Moving Past Either/Or Comparisons
By Holly Sheldon, Senior Business Analyst, Expertus
For years, we’ve seen trend lines shift, as enterprise learning organizations abandoned traditional instructor-led training (ILT) in favor of virtual solutions.
Long considered the backbone of corporate learning, ILT had clearly moved from center stage by 2010. Adoption of virtual classrooms was so brisk that industry analysts at Bersin predicted ILT would shrink to 37% of corporate learning activity before 2021.
The Business Case For Virtual Learning
Because Expertus is an innovation leader, we’ve always been enthusiastic about digital learning technologies. Several years ago, we even hosted a “Cloud vs. Classroom Faceoff” webinar that pitted ILT against virtual delivery in a showdown based on three key decision criteria — cost, speed and effectiveness.
Not surprisingly, cloud-based classrooms won hands-down. That conclusion was supported by strong evidence from a global sales readiness program we had implemented for Microsoft Corporation. The first-year results were compelling:
- Volume of learners served surged 157%;
- Increase in overall learning participation was 20% higher than goal;
- On-demand learning drove deeper engagement — 33% of content was consumed after live online programs were delivered.

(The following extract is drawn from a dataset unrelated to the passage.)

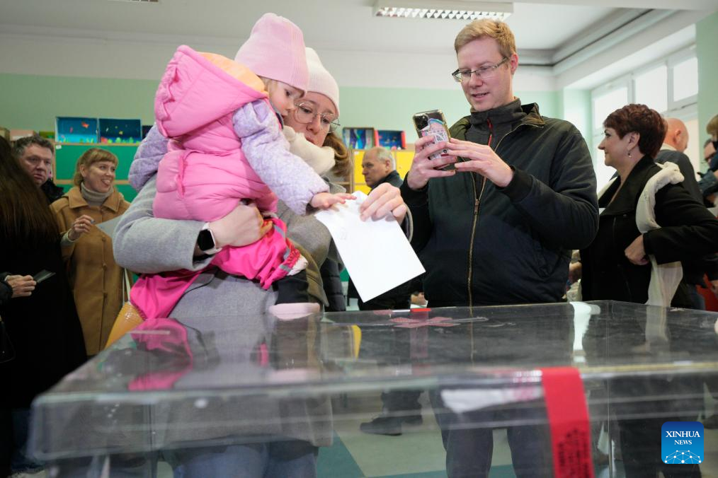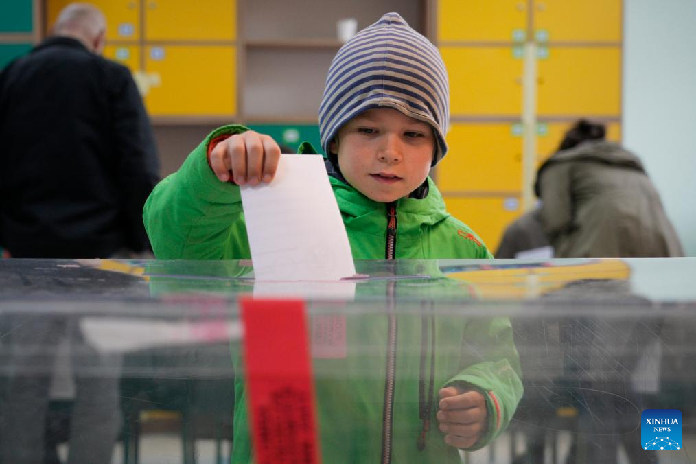 A boy casts a ballot on behalf of his parent at a polling station in Warsaw, Poland, on May 18, 2025. No candidate secured more than 50 percent of vote in the first round of Poland's presidential election on Sunday, according to exit polls.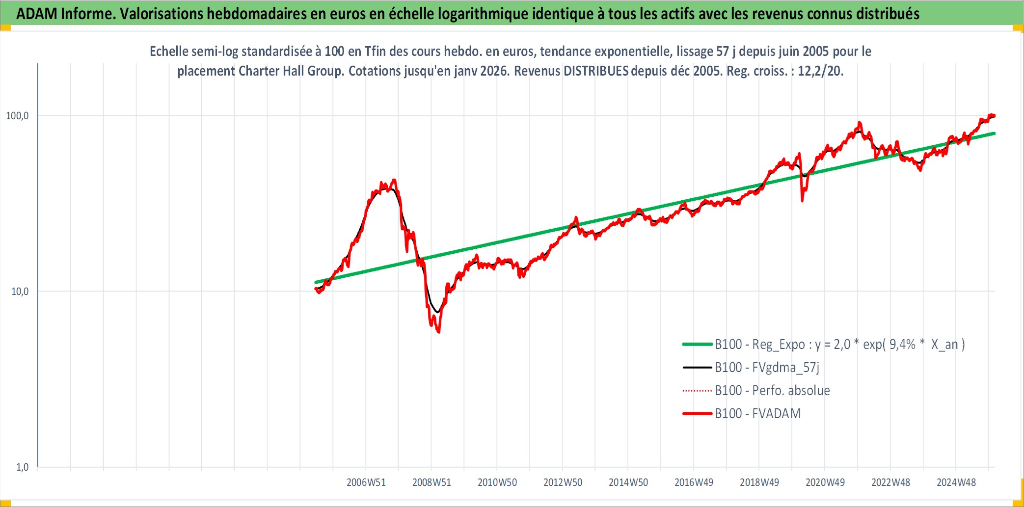 Site dédié aux investisseursPage dédiée sur site financeAnalyse des valorisations hebdomadaires de l'action Charter Hall Group. Cet actif est cote en AUD. Les valorisations sont en contrevaleur EURO et couvrent les semaines 2005W23 a 2026W05. Les revenus de cet actif financier sont pris en compte depuis la semaine 2005W51. La note ESG de cet actif n'est pas connue.

As Microsoft’s program manager noted, “During a time of limited T&E budgets, virtual learning enabled field representatives to continually ramp their scope of knowledge, while staying fully engaged with customers.”
Faster. Cheaper. Better. The benefits of virtual classrooms are compelling. But wait. That’s not the end of this story.
Reconstructing The Brick-And-Mortar Classroom
While virtual meetings, MOOCs, and other “social/mobile/cloud” breakthroughs have been storming the corporate castle, traditional classrooms haven’t just faded away into oblivion. Instead, as CLO Magazine notes in its October issue, old-school classrooms have been stirring up a revolution of their own.
But make no mistake — this isn’t your father’s classroom. According to CLO, “It has transformed into a more dynamic tool, providing practitioners with in-person collaboration as well as a space where evolving learning technologies are integrated and used to promote knowledge transfer with those physically present and others dialing in from locations around the globe.”
In its new capacity, the classroom is no longer the centerpiece of “chalk talk” lecture-based training. Instead, it is only one element in what CLO calls “a larger learning pie.” ILT has a natural role in today’s increasingly rich and diverse spectrum of learning tools, resources and functions. How prominent is this new role? Of course, that should be determined by your organization’s unique needs. However, CLO suggests that classrooms ideally represent anywhere from 20-60% of the overall learning experience.
Saying Goodbye To The Zero-Sum Game
What does this new face of ILT mean for virtual classrooms? It means that the real issue for learning leaders is not an either/or choice. The real question is whether and how both ILT and virtual approaches can be combined within a compelling continuous learning experience. As we’ve mentioned before, it starts by considering the mix of content and channels that naturally align with a learner’s environmental context.
That can be a tricky challenge in today’s fluid workplace. The concept of work, itself, is being redefined by rapid innovation in social applications, mobile platforms, and networked collaboration. At the same time, opportunities for professional skills development and knowledge transfer are accelerating. CLO is right — it truly is a “larger learning pie.” And that pie continues to grow exponentially.
Best Of Both Worlds
With so many options emerging, how can ILT and virtual classrooms work best together? It begins with an infrastructure that supports all modes of learning, and offers seamless integration with whatever tools, resources and systems you require. This makes it easy for training organizations to develop rich, robust, relevant learning experiences — while ensuring that programs are easy to implement, support, and analyze.
For example, consider ExpertusONE Meetings. This virtual conferencing module is built directly into the ExpertusONE LMS platform, providing instant, on-demand access to all the capabilities today’s enterprise workforce expects — from real-time video conferencing and chat, to file sharing and whiteboarding. It also integrates easily with popular e-conferencing tools. However, because ExpertusONE Meetings is built into the LMS, administration, support and reporting is automatically coordinated with traditional classroom offerings.
This kind of innovation is important, because it helps L&D organizations shift their attention to what matters most — how to most effectively empower their workforce — not how to coordinate training administration activities and information. It means that learning leaders can choose ILT, virtual classrooms, or combine them both, without having to worry about how to orchestrate those elements behind the scenes.
That’s the kind of choice everyone can support.
What Do You See Ahead?
What are your thoughts on the future of classroom training? If you could improve your organization’s blend of ILT and virtual learning, what would you change? In coming months we’ll be writing more about HOW to mix these learning modes, so we welcome your ideas and opinions.